“The difference between the Guizhou of today and when I was young is huge,” said 56-year-old Li Maoqin, a resident in the southwestern Chinese province’s capital, Guiyang. “It’s like the difference between the earth and the sky.”
Guiyang, nestled among luscious green mountain peaks, has typically been known more for poverty than innovation. As a child, Li was so poor she went with her grandmother from village to village, begging for food.
However, the rapidly developing city has a plan to reinvent itself as a technology hub, attracting thousands of tech-savvy entrepreneurs to a week-long expo, drawing big names to open data centers and embracing the self-proclaimed nickname “China’s big data valley.”
Photo: Reuters
While China’s growth has generally been powered by top-tier eastern cities, Guizhou last year posted the third-fastest economic growth among China’s 31 provinces and Guiyang was last year ranked as the best-performing city by the Milken Institute.

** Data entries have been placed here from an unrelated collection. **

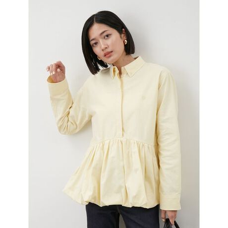 <b>【人気のバルーンペプラムシャツを、今季らしいボタンダウン仕様に。こなれた雰囲気が楽しめるプレッピーな一枚】</b>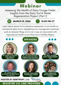 The first webinar, focused on Wisconsin’s Driftless Region, is set for March 19, from 12 to 1 p.m. CT. CLICK HERE TO REGISTER. Upcoming webinars in the series will cover findings in other major dairy regions of the U.S. (Dates are to be determined).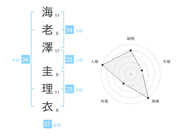 海老澤 圭理衣さんを姓名の画数から五運を鑑定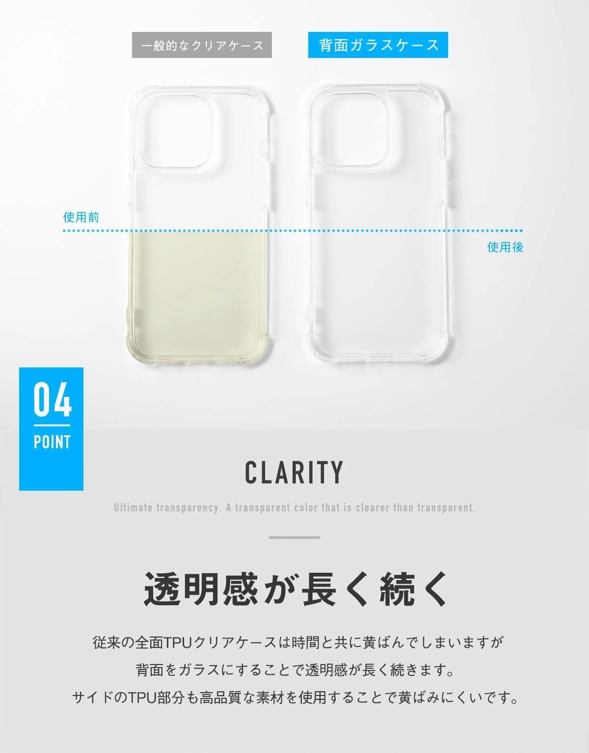 【背面ガラス&側面TPUの最強コンビ】背面には強度が高く透明感のある硬度9H強化ガラス素材を使用し、サイドには柔軟性のあるTPU素材を使用したハイブリッド素材のケース。傷や衝撃からしっかりスマホをガードします。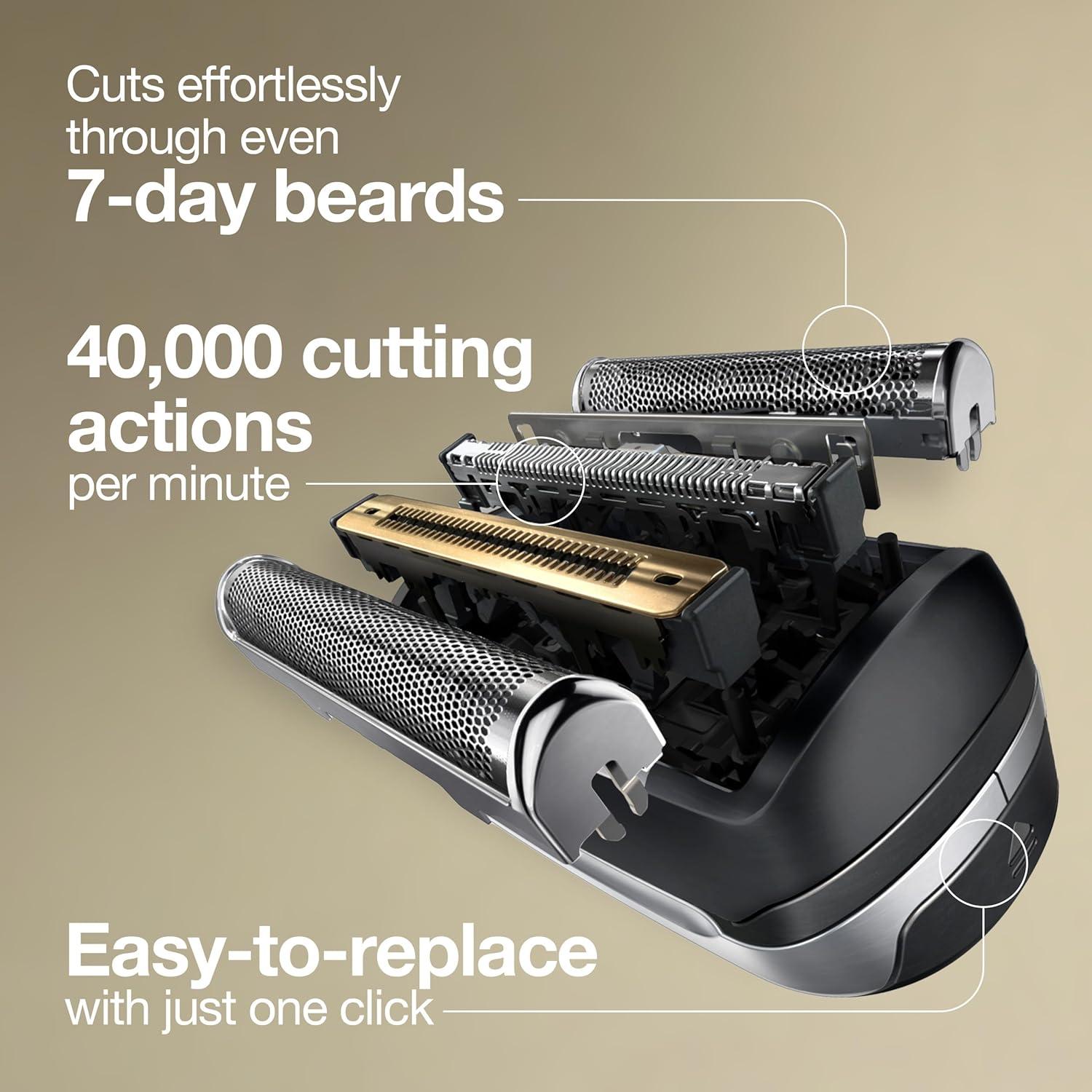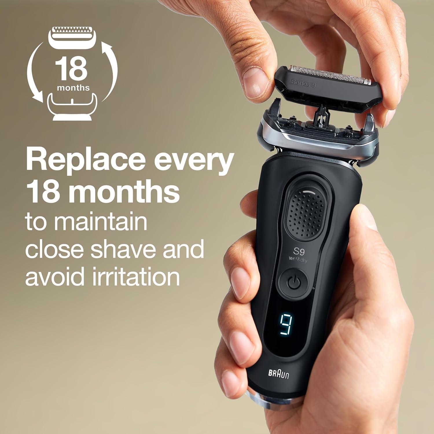 The average Braun shaver cuts 6 million hairs every 18 months. This means the head will gradually wear out and your shave can become less close and comfortable. That's why Braun recommends changing your shaver's foil & cutter block every 18 months to get your shaver back to its best. Take care of your shaver, and it will take care of you. Box includes: 1 X Series 9 Shaver Head Replacement, Black
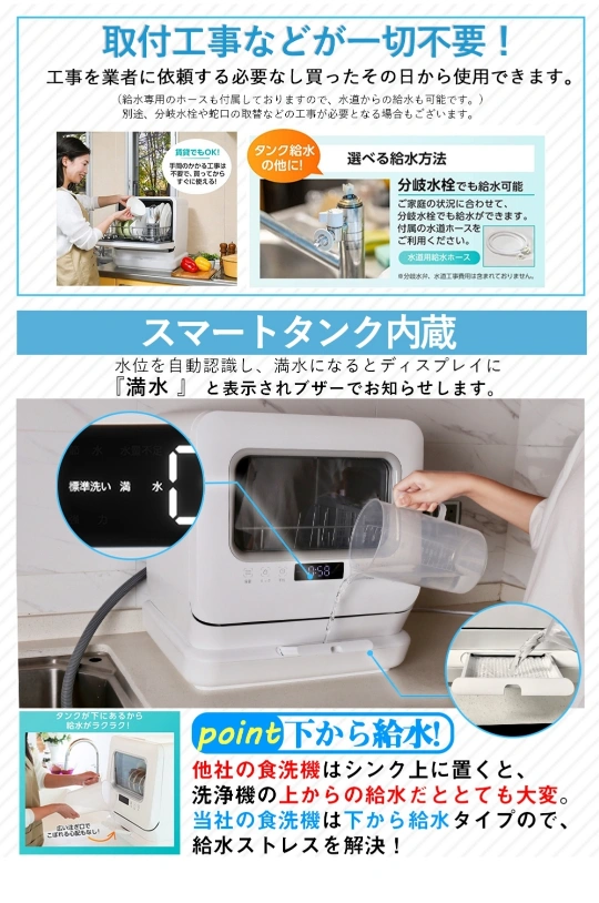 2023年秋に購入し、ほぼ毎日使っておりました! 非常に綺麗に落ちるし、節水もできます! この度引越しに伴い出品することとなりました 正常に動作します! 簡易的な清掃は行っておりますが素人清掃の為ご了承ください。 発送は三月末を予定しております! 中古品ということをご理解の上でご検討ください。 ブランド VIBMI 設置タイプ 工事不要 商品の寸法 41.3D x 45W x 49H cm 容量 7.5 L 特徴 タンク式 色 ブラック 【もはや一家に一台食洗機の時代】 ●仕事を終えた後の限られた時間で、いかに効率的に家事と育児を両立するか?共働き家庭にしては食器洗い機が役に立っています!家事の中から食器洗いという作業が消えることで、どちら食器洗いをするかで揉めることがなくなります。放って置けば皿洗い完了は非常に便利。 【手洗いより綺麗・工事不要】 ●食洗機D4Pは、食器点数16点(3~4人分)を一度に入れられます。70度高温の洗浄水と360°回転式プラネットアームの2つの強力な噴射、また使用する洗剤も洗浄力が高いので、納豆の粘りや肉炒めの油汚れもしっかり落ちます。●スポンジが届きにくい細かい部分まで綺麗に洗うことができ、99%以上の除菌が実証されました。 特に気を使いたい赤ちゃんの食器、綺麗に洗えるのは安心です。●食洗機D4Pは、水道工事が不要で、タンクに水を注いで使えます。わざわざ業者に依頼しなくても自分で手軽に設置できる!電源と排水できる場所があればどこでも置けます。(専用給水ホース付属するので、分岐水栓にも対応しています。) 【3D熱風乾燥機能・24時間のドライキープ】 ●せっかく洗った食器に、菌を付ける?手洗いした食器を拭くふきんに、何らかの雑菌は存在しますので、食器を介して食物に病源体が移る可能です。●食洗機D4Pは、洗浄後の熱風送風乾燥により、食器を乾いた状態に保つ、バクテリアを効果的に抑制できます。●洗って終わったら、庫内からすぐに取り出さなくてもいいです。24時間のドライキープにより、保管期間は、定期的な換気と乾燥を行い、食器を常に清潔で乾いた状態に保ち、機械の臭いを防ぎます。 #食洗機 #食洗器 #食器洗い乾燥機 #タンク式 #乾燥機 #時短家電

“If you have missed the investment opportunity in Guangdong or Zhejiang 30 years ago, by no means should you miss that of Guizhou today,” Alibaba Group Holding Ltd (阿里巴巴) chairman Jack Ma (馬雲) said.
An hour’s drive out of Guiyang is Gui An New District, a 1,795km2 suburb designated as the strategic heart of Guiyang’s technology aspirations.
A new Foxconn Technology Group (富士康科技集團) plant is among the first to open here, packed with hundreds of young employees brandishing smartphones and ID tags.
The center sits beside a newly built road lined with cars and bicycles in a newly built industrial park — Gui An’s public transport has yet to be built.
While Foxconn is among the first to arrive, more are coming. Tax incentives, state support and lower costs have helped draw companies, including Microsoft Corp, Huawei Technologies Co (華為), Hyundai Motor Co, Tencent Holdings Ltd (騰訊), Qualcomm Inc and Alibaba, to Guiyang.
A partnership with India’s NIIT for a Professional College of Electronics has been agreed, and a Chinese-UK data park of 30 companies are to jointly develop health technology.
The government has projected that investment into Gui An will increase by 11 percent to US$3.34 billion this year and create 30,000 jobs.
This marks a change from the established pattern of economic growth in China, which has been overwhelmingly based around the eastern growth corridor through Beijing, Shanghai, and the southern cities of Shenzhen and Guangzhou — Shanghai alone has been growing at an average annual rate of about 10 percent for the past 20 years.
However as populations have soared, so have costs, and the relative affordability of western China is increasingly appealing.
The third China Big Data Industry Expo in May was the latest opportunity to market Guiyang’s benefits.
This year, Alibaba announced it will launch a block data center with the Guiyang Public Security Bureau, while Tencent showcased augmented-reality hong bao and Hydata Software Co Ltd unveiled lip-reading recognition tech.
Although big data investment into Guizhou almost doubled last year, the landlocked province’s growth is also down to much-needed infrastructure. Guiyang has a modern railway station and international airport, with another 10,000km of highway and 4,000km of train tracks planned to be completed by 2020.
Programs to improve housing last year saw 458,000 people resettled into new homes, and the government said it lifted 1.2 million Guizhou residents out of poverty last year alone.
As a growing city, Guiyang is also showing some success in drawing in young talent.
Xiaoxiao Pan, a lecturer at Guizhou Normal University, said he originally moved back to Guiyang from Shanghai to be with his ill father, but decided he liked the lifestyle and stayed.
“Even compared with two years ago, there are many new companies going public, familiar brands, shopping malls, tall buildings,” he said.
Housing is cheap, at about 2,000 yuan (US$295) per month for a central apartment, while comparatively fresher air and the lush surrounding countryside also have appeal.
Taiwanese teacher Jerry Xie chose a job in Guiyang over Beijing because of pollution concerns and affordability.
“The salaries now are similar to Beijing, where the air sucks, and the cost of living here is much cheaper and they are eager for talented people,” he said.
However, there is much to be done in the rebranding of Guiyang. Gui An New District is an enormous building site marooned in surrounding countryside.
A survey put Guiyang in the top 10 worst Chinese cities for traffic. The skyline is dominated by cranes and roadworks, particularly around the Guizhou financial city district.
However, as the urban fabric of Guiyang changes under their feet, locals do not mind the roadworks and construction.
Finally, their city is going places.